■ Exercise description: Skip any pictures. Repeat the data exactly, from its first line through the line that holds "Scrapbook Page with", both included.

■ Record extracts:
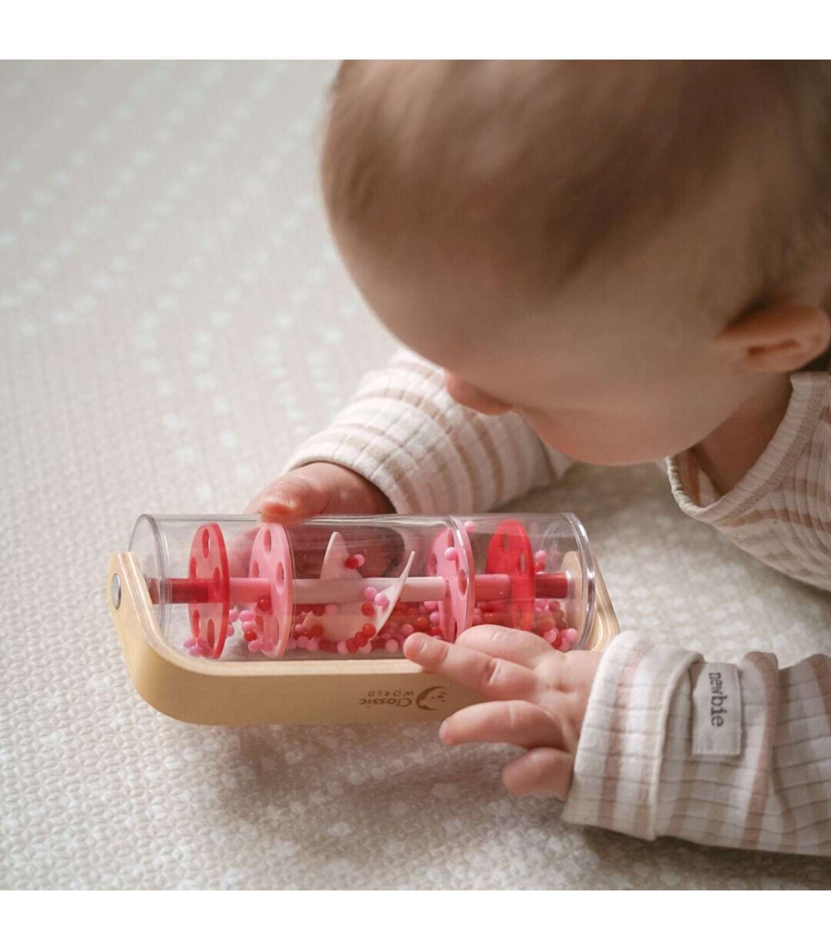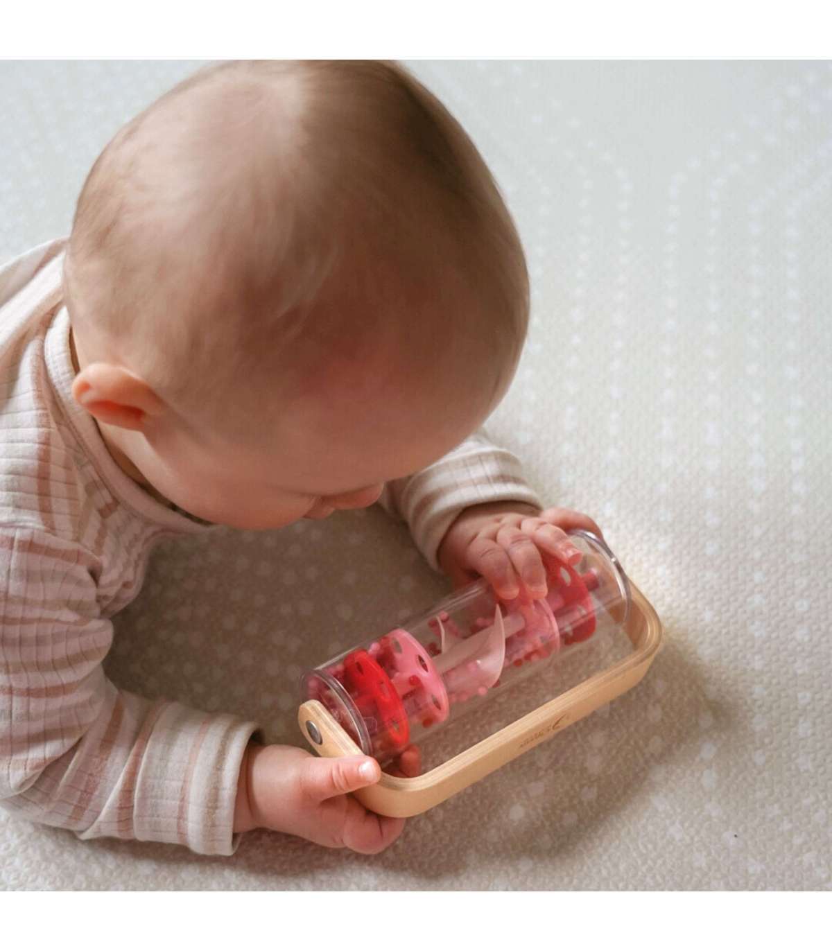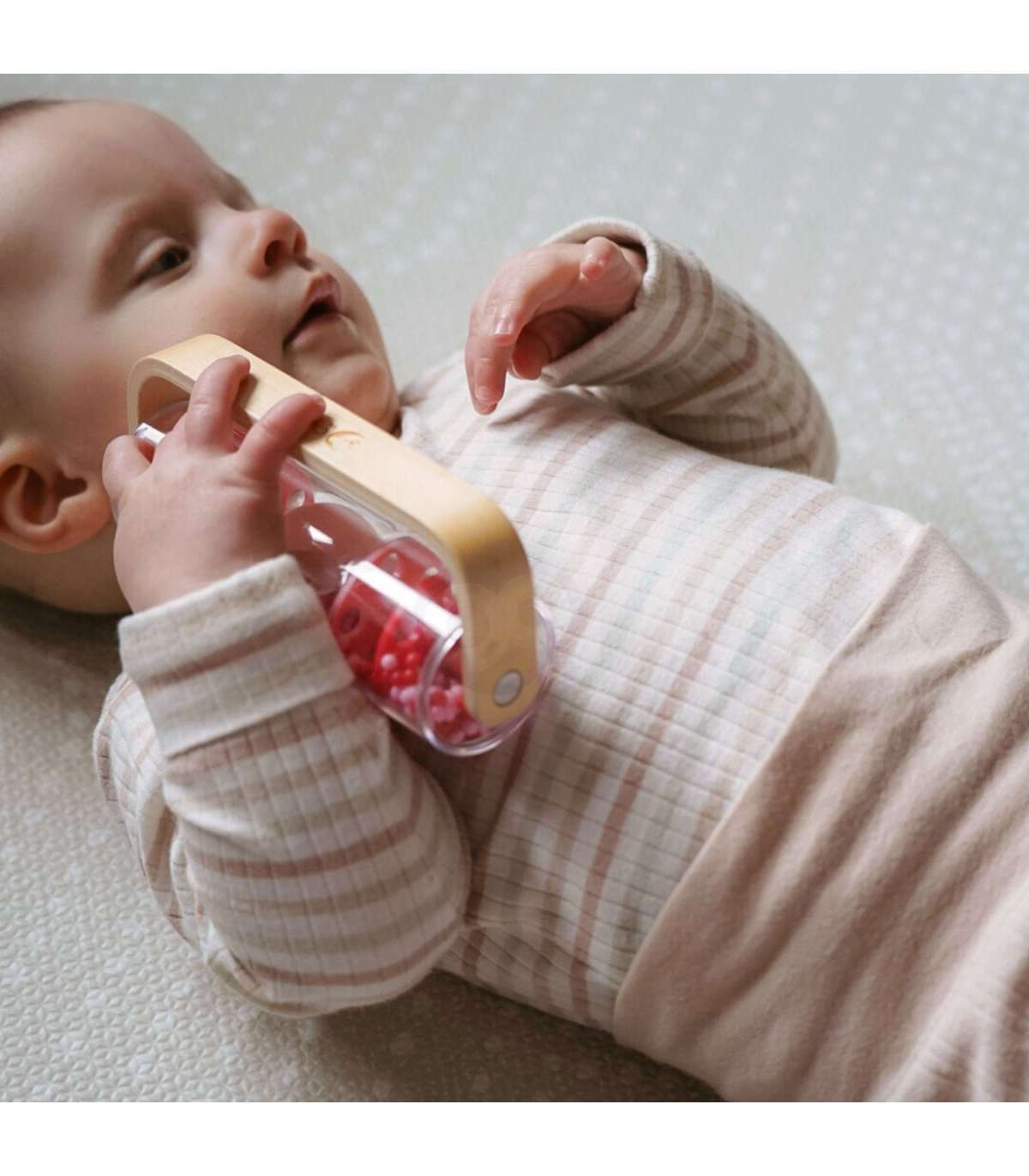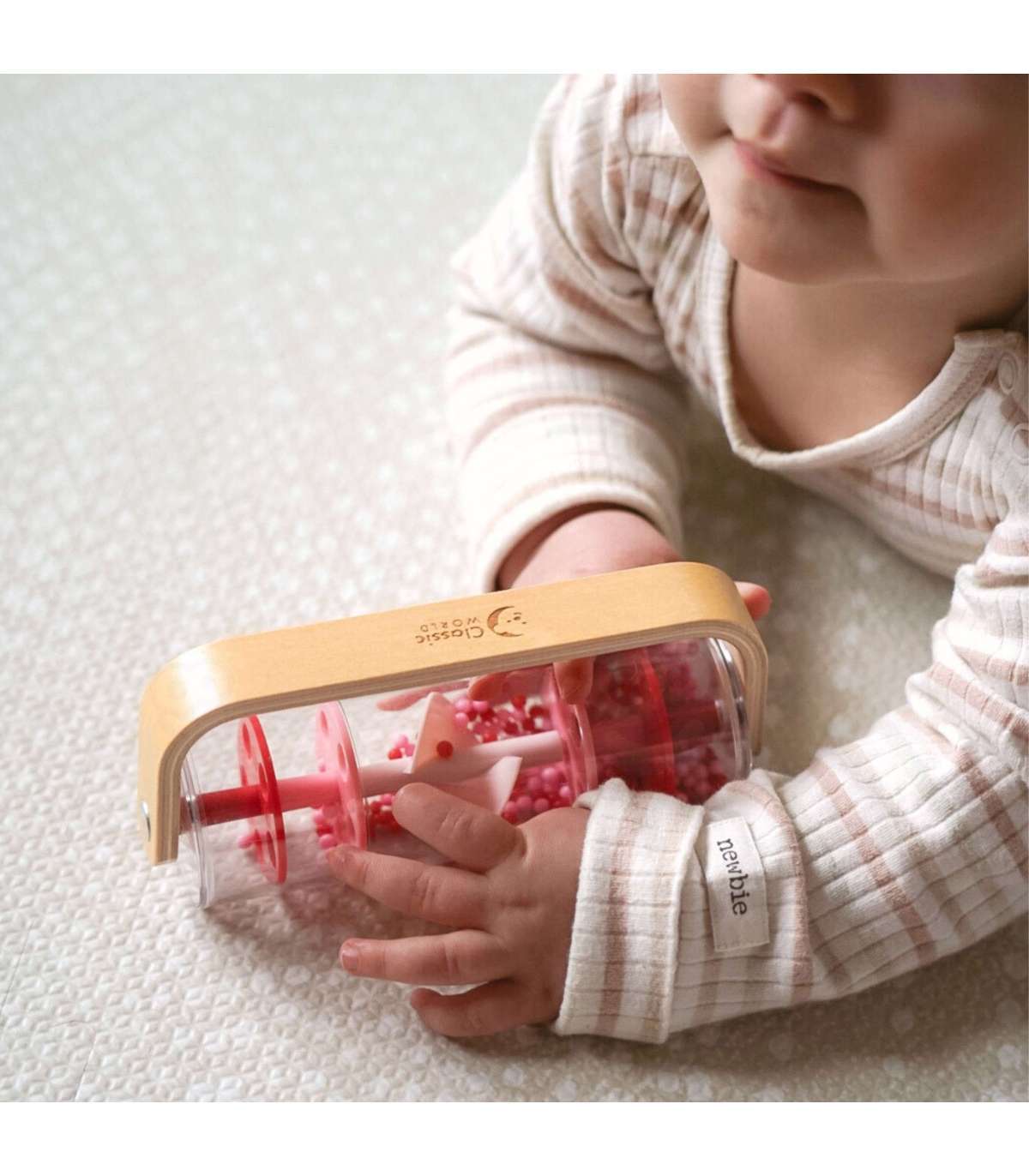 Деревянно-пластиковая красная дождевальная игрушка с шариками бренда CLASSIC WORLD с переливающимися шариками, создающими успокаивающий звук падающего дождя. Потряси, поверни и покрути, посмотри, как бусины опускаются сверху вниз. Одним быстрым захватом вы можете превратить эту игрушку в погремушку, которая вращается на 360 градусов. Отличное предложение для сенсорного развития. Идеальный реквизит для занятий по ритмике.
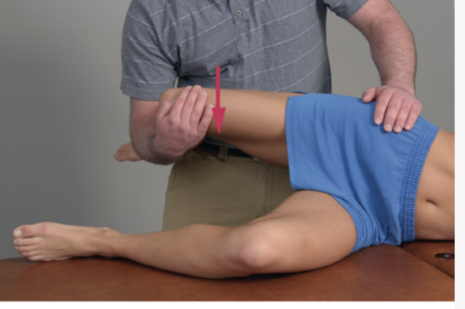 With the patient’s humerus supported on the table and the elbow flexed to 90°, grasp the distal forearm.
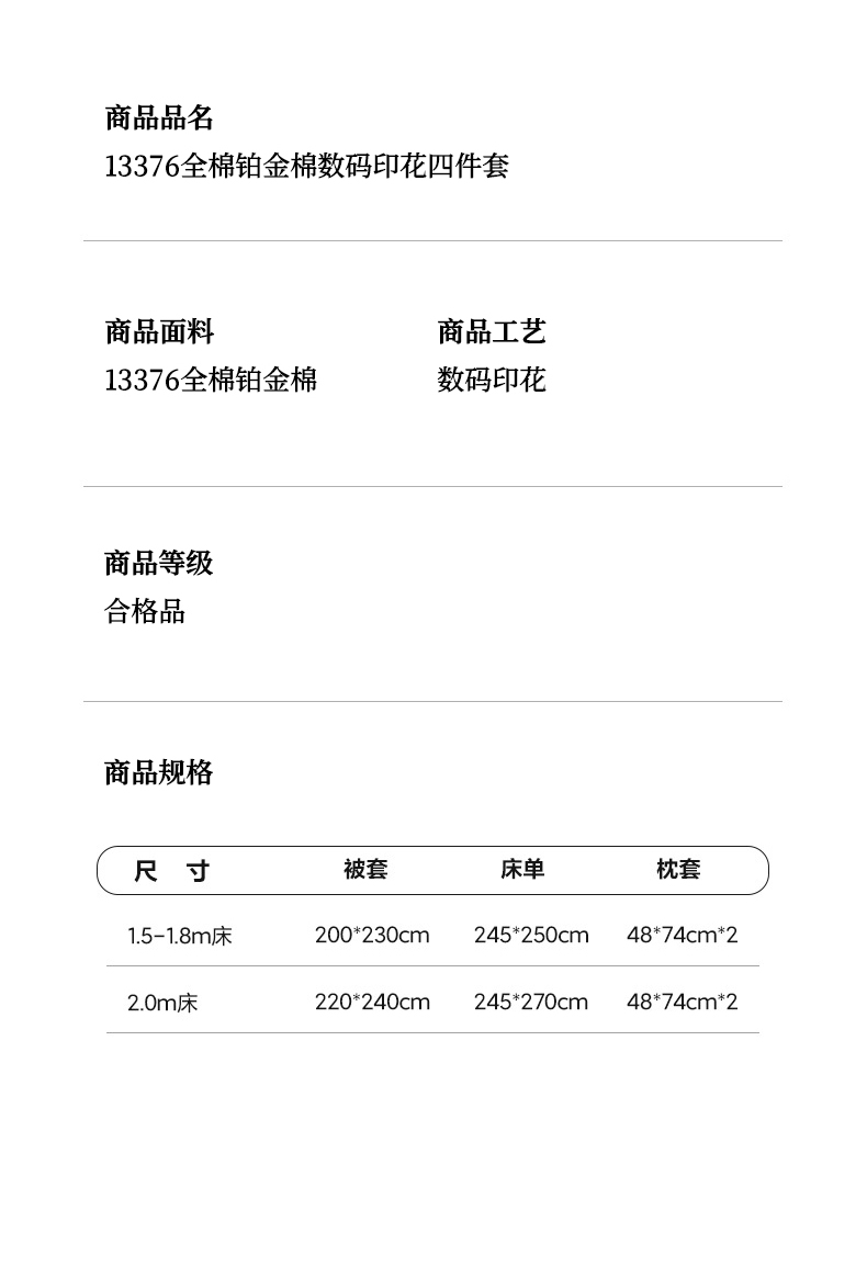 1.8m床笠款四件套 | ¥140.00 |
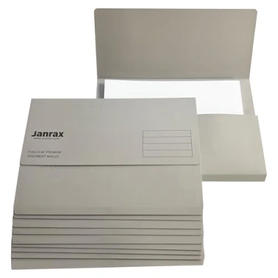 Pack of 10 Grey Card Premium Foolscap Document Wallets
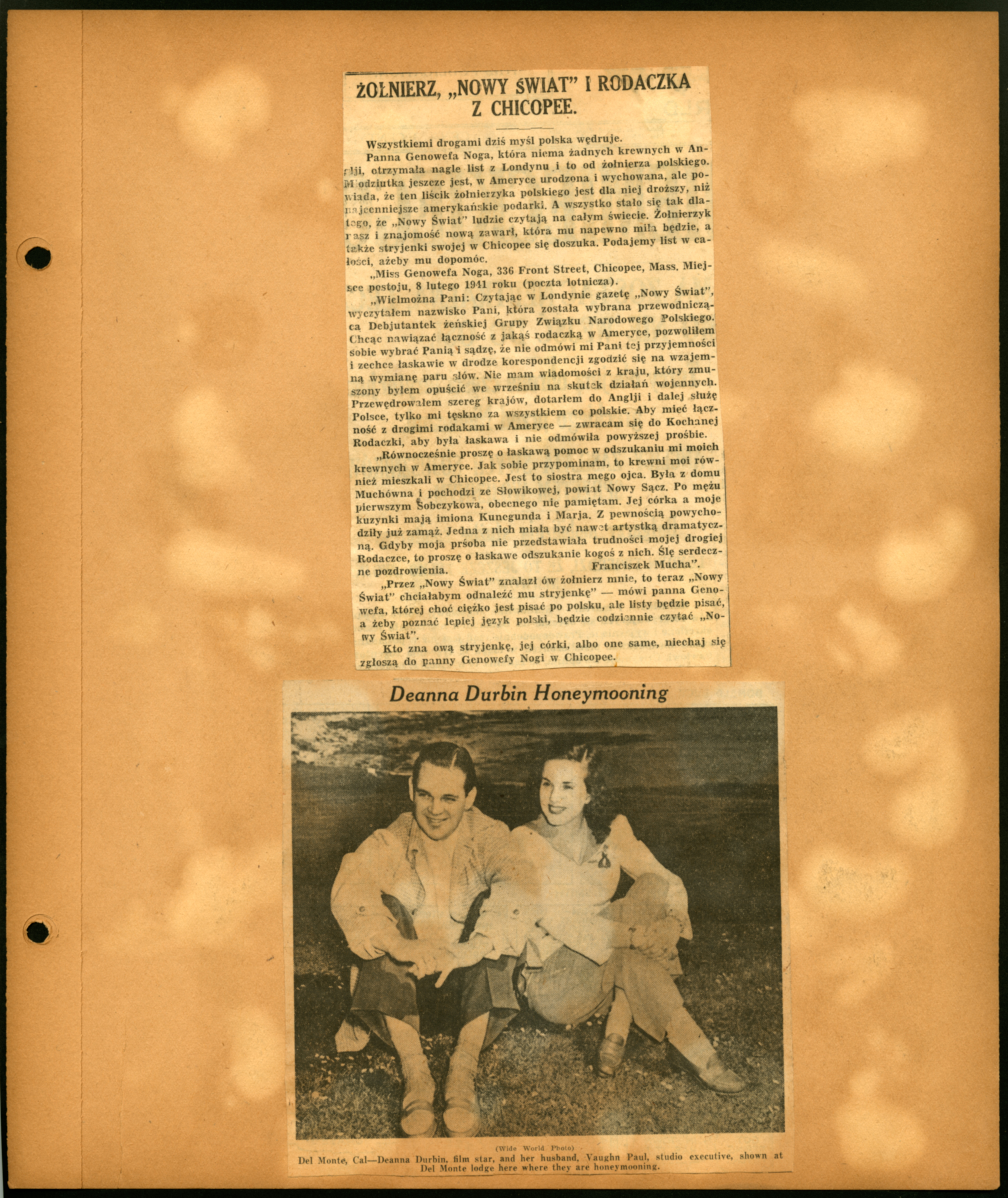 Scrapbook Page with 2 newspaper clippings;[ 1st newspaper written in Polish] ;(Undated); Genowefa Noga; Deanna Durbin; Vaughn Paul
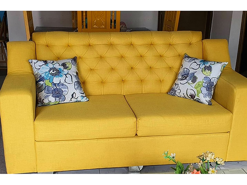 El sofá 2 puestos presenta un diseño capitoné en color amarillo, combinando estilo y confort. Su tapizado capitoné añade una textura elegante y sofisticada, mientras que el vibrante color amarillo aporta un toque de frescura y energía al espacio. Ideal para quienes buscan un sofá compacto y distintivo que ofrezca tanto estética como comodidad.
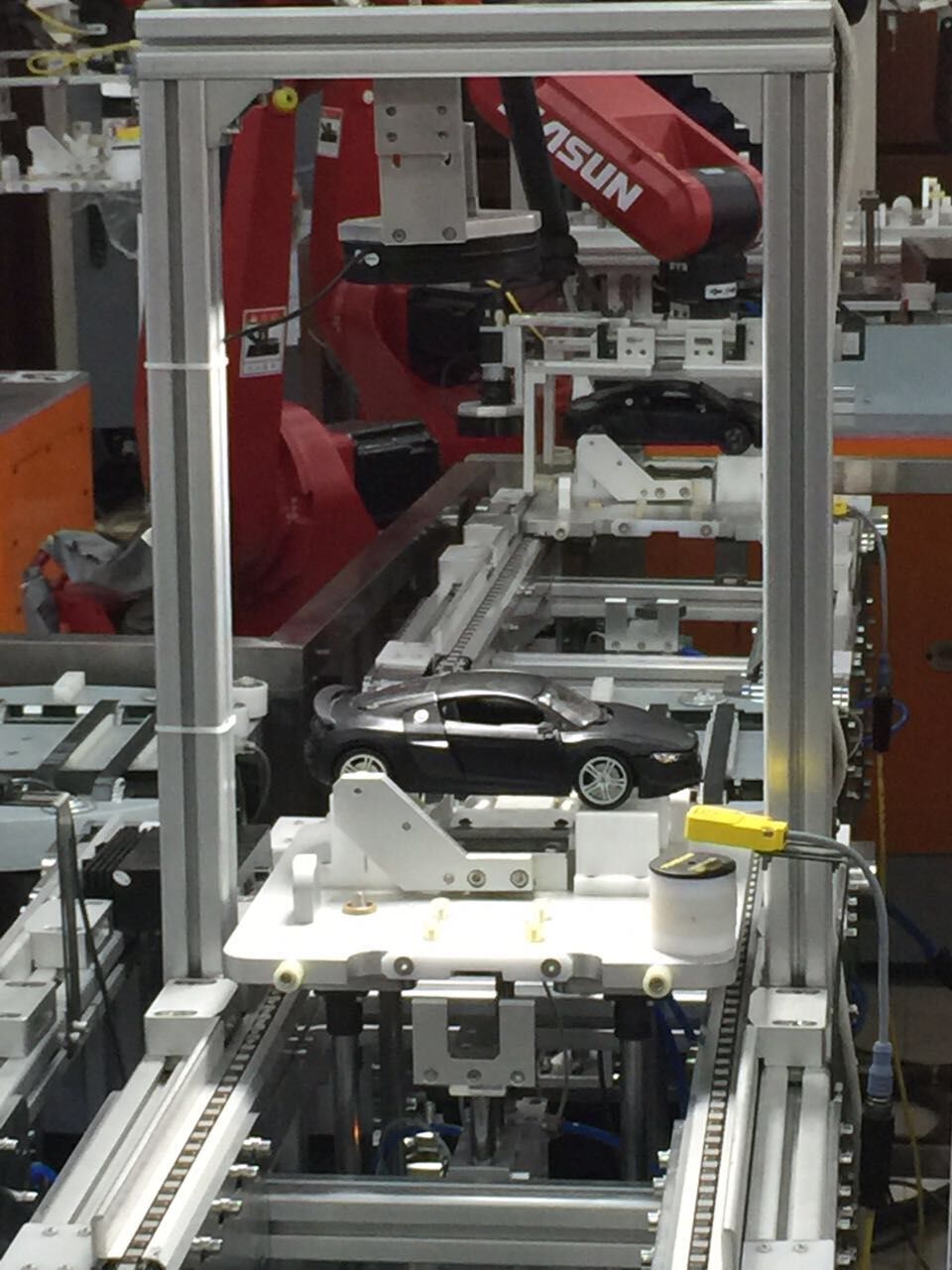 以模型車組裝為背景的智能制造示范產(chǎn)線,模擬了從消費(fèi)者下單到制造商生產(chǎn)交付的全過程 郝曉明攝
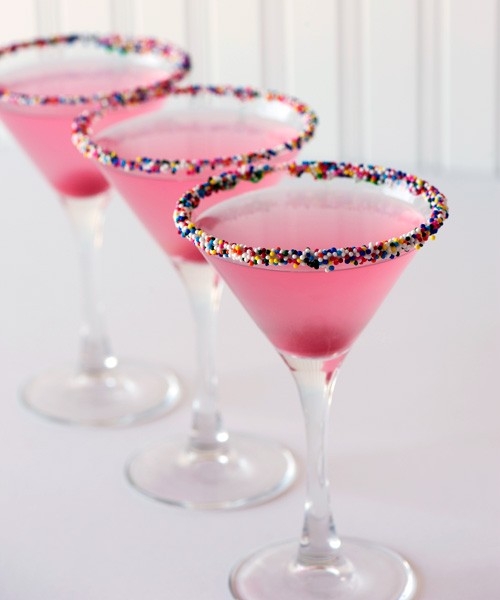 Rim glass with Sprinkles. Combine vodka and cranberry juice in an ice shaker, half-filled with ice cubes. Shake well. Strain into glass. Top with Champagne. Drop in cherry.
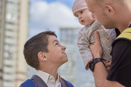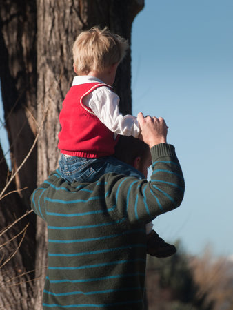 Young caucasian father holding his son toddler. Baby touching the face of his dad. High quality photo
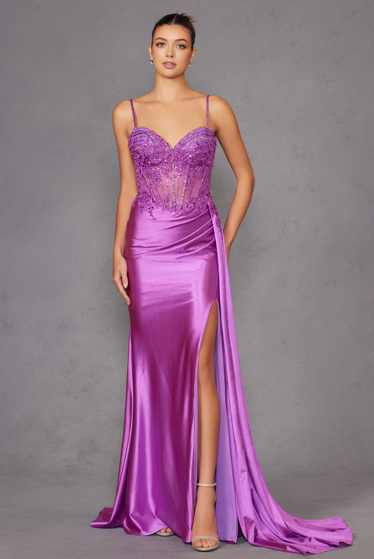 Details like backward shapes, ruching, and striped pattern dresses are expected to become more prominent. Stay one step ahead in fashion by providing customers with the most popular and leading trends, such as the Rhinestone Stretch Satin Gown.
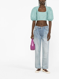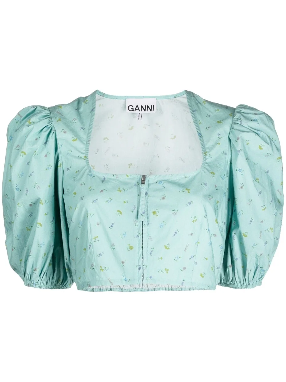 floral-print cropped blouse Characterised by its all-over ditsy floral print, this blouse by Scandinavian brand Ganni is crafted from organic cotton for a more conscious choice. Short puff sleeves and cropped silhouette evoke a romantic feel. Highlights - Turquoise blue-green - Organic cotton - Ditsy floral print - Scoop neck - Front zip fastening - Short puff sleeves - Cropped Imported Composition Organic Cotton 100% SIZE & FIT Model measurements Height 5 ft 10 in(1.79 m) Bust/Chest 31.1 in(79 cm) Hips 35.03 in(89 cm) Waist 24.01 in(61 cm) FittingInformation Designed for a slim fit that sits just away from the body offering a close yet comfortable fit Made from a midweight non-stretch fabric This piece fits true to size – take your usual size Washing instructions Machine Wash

■ Answer space:
 Деревянно-пластиковая красная дождевальная игрушка с шариками бренда CLASSIC WORLD с переливающимися шариками, создающими успокаивающий звук падающего дождя. Потряси, поверни и покрути, посмотри, как бусины опускаются сверху вниз. Одним быстрым захватом вы можете превратить эту игрушку в погремушку, которая вращается на 360 градусов. Отличное предложение для сенсорного развития. Идеальный реквизит для занятий по ритмике.
 With the patient’s humerus supported on the table and the elbow flexed to 90°, grasp the distal forearm.
 1.8m床笠款四件套 | ¥140.00 |
 Pack of 10 Grey Card Premium Foolscap Document Wallets
 Scrapbook Page with 2 newspaper clippings;[ 1st newspaper written in Polish] ;(Undated); Genowefa Noga; Deanna Durbin; Vaughn Paul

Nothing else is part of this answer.